2.2 voice collection:
the speaking mode in the recording process directly determines the purpose of the voice library. Because of the particularity of collecting the corpus, according to different research purposes, two modes are adopted: one is reading aloud with prompt text, the prompt is the literal material of Chinese | the speaker converts it into his own native language and reads aloud; the other is natural voice, and the speaker can tell the folk story, the national living condition, the humming of the local folk song and the like by using prompts.
3. Parameter analysis for the speech file:
after the pronunciation text is recorded, the voice data needs to be analyzed to obtain different features of the voice signal, which is a key for designing the voice corpus and a necessary basis for the post-stage voice processing. The invention focuses on researching voice information, so that the basic attribute of the voice signal waveform needs to be labeled, and meanwhile, the related acoustic parameters are extracted.
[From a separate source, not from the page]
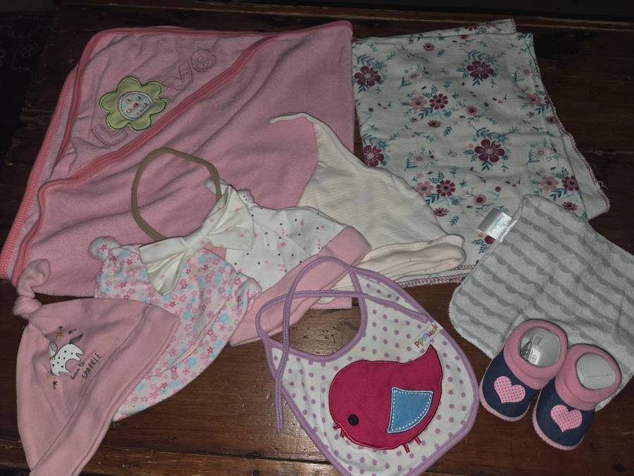 10 x Baby Girl items - Incl. Bibs, towel, blanket, shoes, etc.

3.1 information annotation of the voice library:
the voice labeling uses Praat software and carries out hierarchical labeling by referring to a Chinese sound segment labeling system SAMPA-C. The labels of the voice library comprise a text label and a sound mixing label, wherein the voice "bao" is taken as an example, and is shown in fig. 1.
The first part is character marking, Chinese character + pinyin is character pronunciation transcription, and the phonetic information is recorded with Chinese character for identification system and linguistic research. The character label must mark basic character information and sublingual phenomena, and the sublingual phenomena in the basic label can be represented by a universal sublingual symbol.
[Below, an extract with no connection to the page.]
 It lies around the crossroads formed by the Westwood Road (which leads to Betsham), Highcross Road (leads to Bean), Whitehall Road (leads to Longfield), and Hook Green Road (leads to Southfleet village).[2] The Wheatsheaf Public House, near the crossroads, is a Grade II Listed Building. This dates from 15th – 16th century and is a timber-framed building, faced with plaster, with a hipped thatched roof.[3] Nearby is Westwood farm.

The second part is a syllable label, the mandarin syllable label adopts a standard mandarin syllable label, and the syllable label is a tonal label. In the tone notation, 0 indicates a light tone, 1 indicates a yin-ping, 2 indicates a yang-ping, 3 indicates a rising tone, and 4 indicates a falling tone.
3.2 extraction of acoustic parameters:
for the recorded voice signals, the acoustic parameters of each speech segment need to be extracted, and in actual operation, the recorded voice is firstly segmented and the mute segments are eliminated so as to ensure that the analyzed objects are single words; then, judging the start and end sections of the voice signals in the voice waveform data, and marking the range of the vowels; finally, corresponding fundamental frequency and resonance peak data are obtained according to an autocorrelation algorithm, taking voice "bao" as an example, as shown in fig. 2.
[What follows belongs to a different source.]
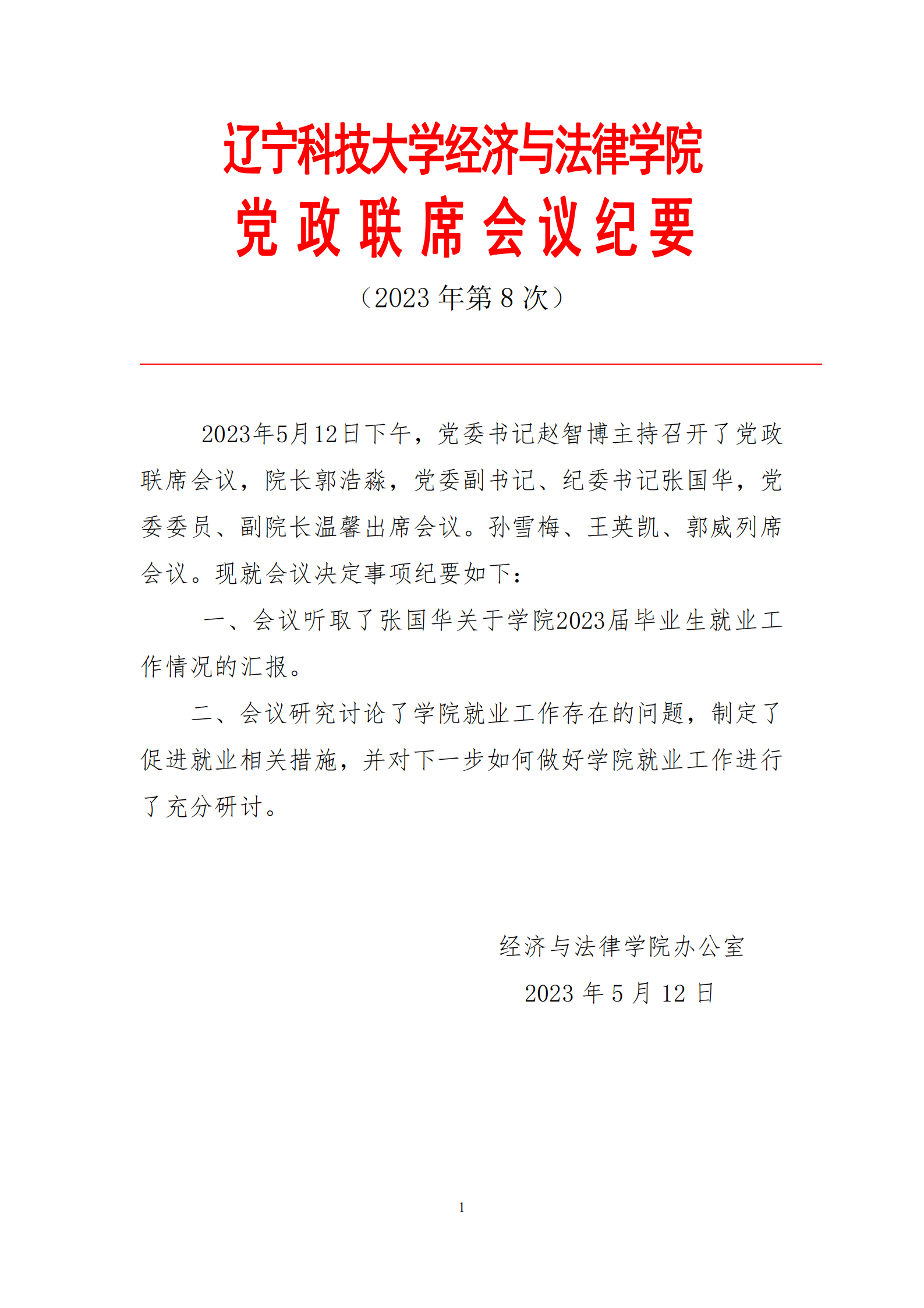易游经济与法律学院党政联席会会议纪要(2023年第8次)

4. Establishing a database management system:
4.1 database selection
For the selection of the database, because a large amount of voice waveform data needs to be stored in the voice database, the voice waveform data is characterized by large data volume, unfixed length, and lower requirements on aspects of transaction processing and recovery, safety, network support and the like. Therefore, we can choose a more easily implemented sql database management system.
4.2 creation of database management System
Establishing a database management system in a voice corpus needs to store four materials, namely, speaker attribute materials, such as age, gender, education condition, Chinese mastering condition, mother language use condition and the like of a speaker; secondly, a pronunciation text material is recorded and stored, and the pronunciation of the pronunciation person and text materials such as dialect pronunciation and mandarin international phonetic symbol corresponding to the pronunciation person are recorded and stored; thirdly, actual voice data material is mainly used for storing original parameters of the recorded voice waveform graph; and fourthly, storing acoustic analysis parameter data, namely the acoustic parameters extracted from the processed voice waveform.
5. Data analysis for big data technology
The big data is a data set with large scale which greatly exceeds the capability range of the traditional database software tools in the aspects of acquisition, storage, management and analysis, and has the four characteristics of large data scale, rapid data circulation, various data types and low value density. The strategic significance of big data technology is not to grasp huge data information, but to specialize the data containing significance. In other words, if big data is compared to an industry, the key to realizing profitability in the industry is to improve the "processing ability" of the data and realize the "value-added" of the data through the "processing". In the word bank construction, the important value of the big data technology is that the aim of evaluating the quality of the voice elements in the word bank is achieved through the targeted analysis and research on the data, so that the word bank construction is more complete.
The word stock is shared through the network platform, so that tests of different crowds are facilitated, more data samples are obtained, the voice library is enriched, in the future, the more targeted exercise dysarthria patient word stock can be established according to different regions and different dialects, and more abundant and reliable data samples are provided for subsequent automatic identification of disease classification and classification.
As shown in fig. 3, a speech classification mechanism based on a Hadoop platform is proposed, which includes collecting a large number of images, constructing an image database, and extracting effective features of image classification; then, based on a Hadoop platform, subdividing the big data voice classification problem by adopting a Map function, and performing voice classification solution on the subproblems in a multi-node parallel and distributed manner to obtain a corresponding voice classification result; and finally, combining the voice classification results of the sub-problems by using a Reduce function so as to adapt to the online requirement of the voice classification of the big data.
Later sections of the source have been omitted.